News Release

'Mighty mice' made mightier

Peer-Reviewed Publication

Johns Hopkins Medicine

Normal vs Mighty Mouse

image: Comparison of body and muscle size between normal (left) and double mutant mice lacking myostatin and overproducing follistatin (right). view more 

Credit: Se-Jin lee

The Johns Hopkins scientist who first showed that the absence of the protein myostatin leads to oversized muscles in mice and men has now found a second protein, follistatin, whose overproduction in mice lacking myostatin doubles the muscle-building effect.

Results of Se-Jin Lee’s new study, appearing on August 29 in the online, open-access journal PLoS ONE, show that while mice that lack the gene that makes myostatin have roughly twice the amount of body muscle as normal, mice without myostatin that also overproduce follistatin have about four times as much muscle as normal mice.

Lee, M.D., Ph.D., a professor of molecular biology and genetics, says that this added muscle increase could significantly boost research efforts to “beef up” livestock or promote muscle growth in patients with muscular dystrophy and other wasting diseases.

Specifically, Lee first discovered that follistatin was capable of blocking myostatin activity in muscle cells grown under lab conditions. When he gave it to normal mice, the rodents bulked up, just as would happen if the myostatin gene in these animals was turned off. He then genetically engineered a mouse that both lacked myostatin and made extra follistatin.

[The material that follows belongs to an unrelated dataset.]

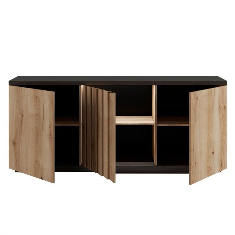 Aparador de design moderno com 3 portas espaçosas, oferecendo grande capacidade de arrumação. Possui um tampo robusto de 38 mm para maior resistência e iluminação LED integrada que acrescenta elegância ao ambiente. Ideal para uma sala sofisticada, organizada e funcional.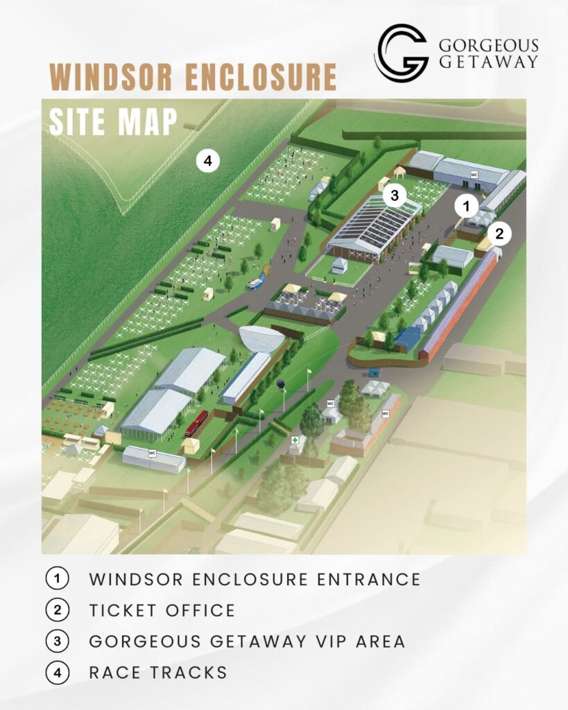 Our private area is located in the Windsor enclosure near the East entrance/exit, and Windsor Box Office. This is also the entrance/exit closest to the Coach park. Guests are free to leave VIP anytime to roam the entire Windsor enclosure and trackside. Alternatively, watch races from the comfort of your chair.

If follistatin was increasing muscle growth solely by blocking myostatin, then Lee surmised that follistatin would have no added effect in the absence of myostatin.

“To my surprise and delight, there was an additive effect,” said Lee, who notes these muscular mice averaged a 117 percent increase in muscle fiber size and a 73 percent increase in total muscle fibers compared to normal mice.

“These findings show that the capacity for increasing muscle growth by targeting these pathways is much more extensive than we have appreciated,” adds Lee. “Now we’ll search for other players that cooperate with myostatin, so we can tap the full potential for enhancing muscle growth for clinical applications.”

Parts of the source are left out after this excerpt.